Set the listing down exactly; no pictures.

*** Records supplied Section Begins ***

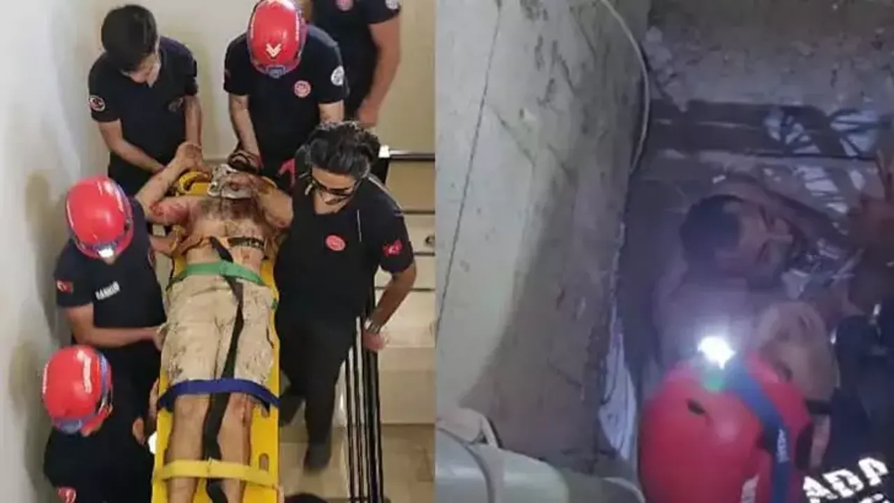Yaralı işçi, itfaiye ekiplerinin halatlı müdahalesiyle kurtarıldı.
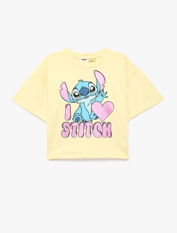 Pamuklu Kısa Kollu Bisiklet Yaka Lisanslı Stitch Baskılı Tişört Sepete Ekle
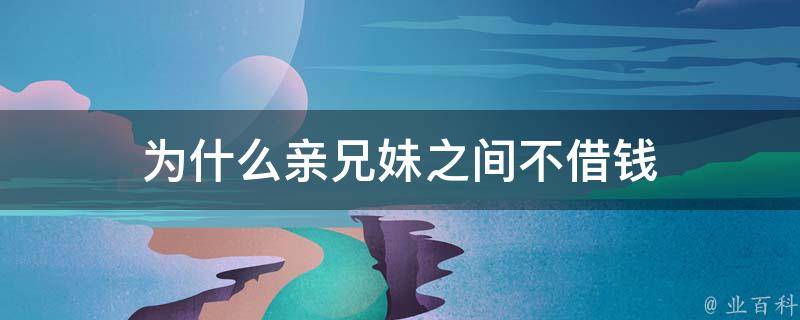 为什么亲兄妹之间不借钱
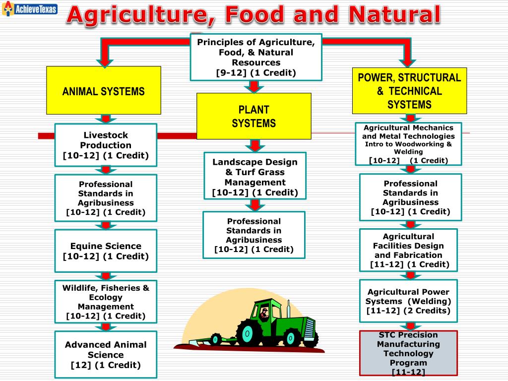 Agriculture, Food and Natural Resources Principles of Agriculture, Food, & Natural Resources [9-12] (1 Credit) ANIMAL SYSTEMS POWER, STRUCTURAL & TECHNICAL SYSTEMS PLANT SYSTEMS Agricultural Mechanics and Metal Technologies Intro to Woodworking & Welding [10-12] (1 Credit) Livestock Production [10-12] (1 Credit) Landscape Design & Turf Grass Management [10-12] (1 Credit) Professional Standards in Agribusiness [10-12] (1 Credit) Professional Standards in Agribusiness [10-12] (1 Credit) Professional Standards in Agribusiness [10-12] (1 Credit) Agricultural Facilities Design and Fabrication [11-12] (1 Credit) Equine Science [10-12] (1 Credit) Agricultural Power Systems (Welding) [11-12] (2 Credits) Wildlife, Fisheries & Ecology Management [10-12] (1 Credit) STC Precision Manufacturing Technology Program [11-12] Advanced Animal Science [12] (1 Credit)
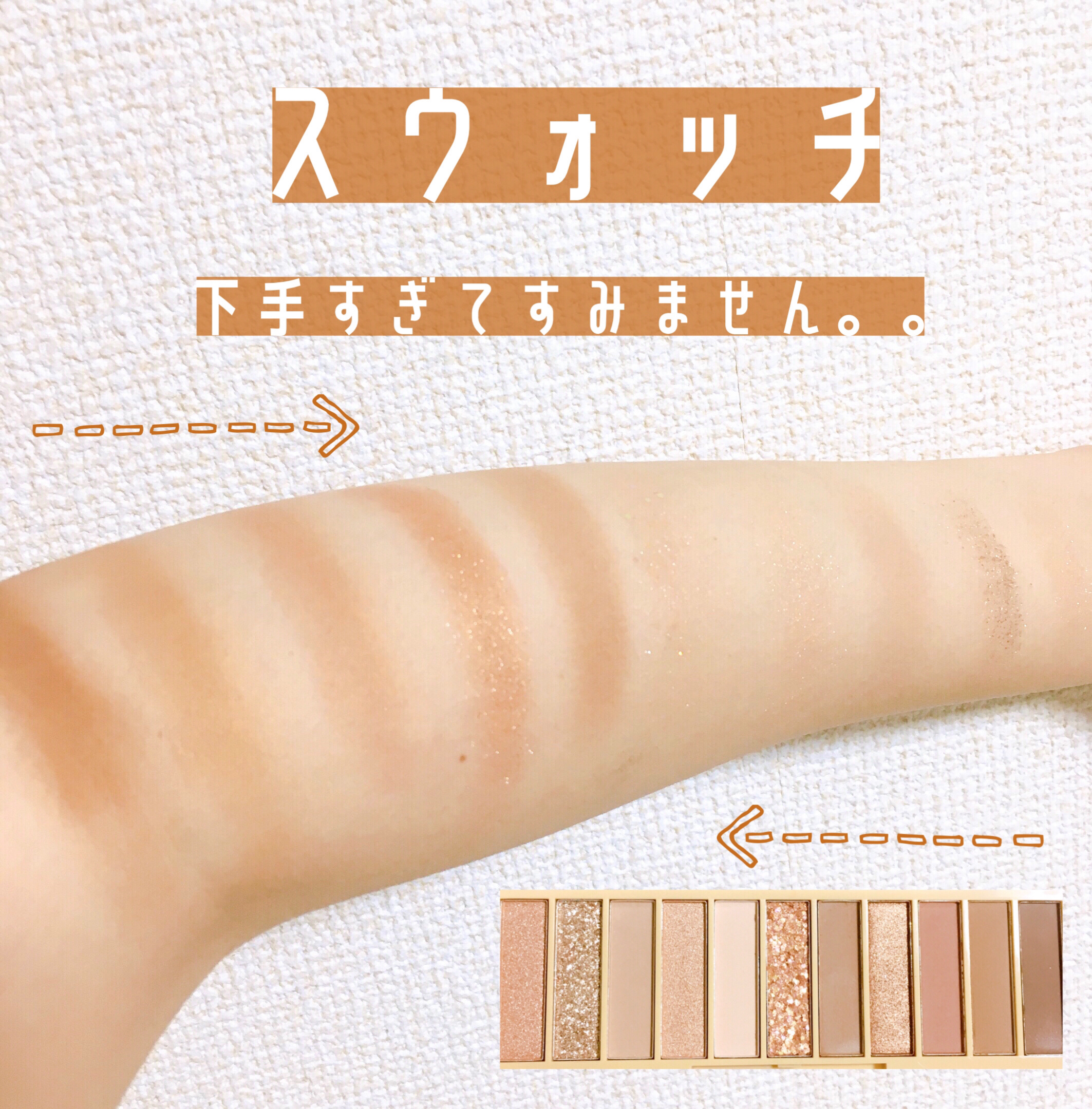 *全体的にすごく発色が良く、11色も入っていて220円で買えるのはさすがにバグレベルでした😋 *上から6つめのカラーは、ラメが大きめになっていてかわいかったです!ただすごく柔らかいので色を取る際はあまり力をこめない方がよさそうです🙌🏻 *その1つ下の肌色はすごく肌なじみのいい色で、私はベースカラーとして使おうと思います👍🏻 *腕に色を乗せて少し経ってからティッシュで擦ってみましたがほとんど落ちなかったです!(色によっては落ちやすいもの有) とりあえずこれ1個もってたら11色もあるのですごく便利です!買って損なしかと!そしてなにより220円という破格の値段❕皆さんもぜひげっとしてみて下さい~🌸

*** Records supplied Section Ends ***

## Output of the task:
Yaralı işçi, itfaiye ekiplerinin halatlı müdahalesiyle kurtarıldı.
 Pamuklu Kısa Kollu Bisiklet Yaka Lisanslı Stitch Baskılı Tişört Sepete Ekle
 为什么亲兄妹之间不借钱
 Agriculture, Food and Natural Resources Principles of Agriculture, Food, & Natural Resources [9-12] (1 Credit) ANIMAL SYSTEMS POWER, STRUCTURAL & TECHNICAL SYSTEMS PLANT SYSTEMS Agricultural Mechanics and Metal Technologies Intro to Woodworking & Welding [10-12] (1 Credit) Livestock Production [10-12] (1 Credit) Landscape Design & Turf Grass Management [10-12] (1 Credit) Professional Standards in Agribusiness [10-12] (1 Credit) Professional Standards in Agribusiness [10-12] (1 Credit) Professional Standards in Agribusiness [10-12] (1 Credit) Agricultural Facilities Design and Fabrication [11-12] (1 Credit) Equine Science [10-12] (1 Credit) Agricultural Power Systems (Welding) [11-12] (2 Credits) Wildlife, Fisheries & Ecology Management [10-12] (1 Credit) STC Precision Manufacturing Technology Program [11-12] Advanced Animal Science [12] (1 Credit)
 *全体的にすごく発色が良く、11色も入っていて220円で買えるのはさすがにバグレベルでした😋 *上から6つめのカラーは、ラメが大きめになっていてかわいかったです!ただすごく柔らかいので色を取る際はあまり力をこめない方がよさそうです🙌🏻 *その1つ下の肌色はすごく肌なじみのいい色で、私はベースカラーとして使おうと思います👍🏻 *腕に色を乗せて少し経ってからティッシュで擦ってみましたがほとんど落ちなかったです!(色によっては落ちやすいもの有) とりあえずこれ1個もってたら11色もあるのですごく便利です!買って損なしかと!そしてなにより220円という破格の値段❕皆さんもぜひげっとしてみて下さい~🌸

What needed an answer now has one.